▸ **Task to carry out**: Output must consist only of the lines of the material below from the one with "under CC BY 4.0" through the one with "Kosa wyposażona jest", each reproduced exactly; no pictures belong in it.

*** Exercise material ***

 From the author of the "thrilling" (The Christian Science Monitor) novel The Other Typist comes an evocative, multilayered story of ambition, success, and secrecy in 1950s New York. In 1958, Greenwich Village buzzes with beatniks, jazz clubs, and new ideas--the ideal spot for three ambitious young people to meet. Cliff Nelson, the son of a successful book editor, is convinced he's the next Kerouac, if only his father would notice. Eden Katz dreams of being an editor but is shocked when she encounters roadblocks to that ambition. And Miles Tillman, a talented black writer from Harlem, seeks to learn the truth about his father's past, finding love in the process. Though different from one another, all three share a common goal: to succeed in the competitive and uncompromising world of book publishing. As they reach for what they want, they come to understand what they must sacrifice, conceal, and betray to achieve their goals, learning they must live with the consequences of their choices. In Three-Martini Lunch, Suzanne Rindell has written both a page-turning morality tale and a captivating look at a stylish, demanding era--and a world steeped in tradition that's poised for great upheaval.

***
*** Exercise material ***

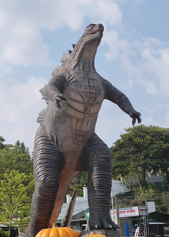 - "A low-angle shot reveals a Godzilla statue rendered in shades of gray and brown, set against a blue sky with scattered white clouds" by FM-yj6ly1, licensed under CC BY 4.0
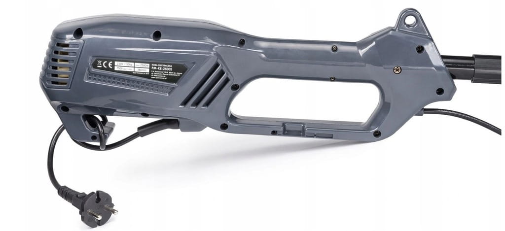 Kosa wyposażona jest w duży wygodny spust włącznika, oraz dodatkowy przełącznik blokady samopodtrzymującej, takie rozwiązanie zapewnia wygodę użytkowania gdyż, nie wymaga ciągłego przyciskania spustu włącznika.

***

▸ **Your response**:
 - "A low-angle shot reveals a Godzilla statue rendered in shades of gray and brown, set against a blue sky with scattered white clouds" by FM-yj6ly1, licensed under CC BY 4.0
 Kosa wyposażona jest w duży wygodny spust włącznika, oraz dodatkowy przełącznik blokady samopodtrzymującej, takie rozwiązanie zapewnia wygodę użytkowania gdyż, nie wymaga ciągłego przyciskania spustu włącznika.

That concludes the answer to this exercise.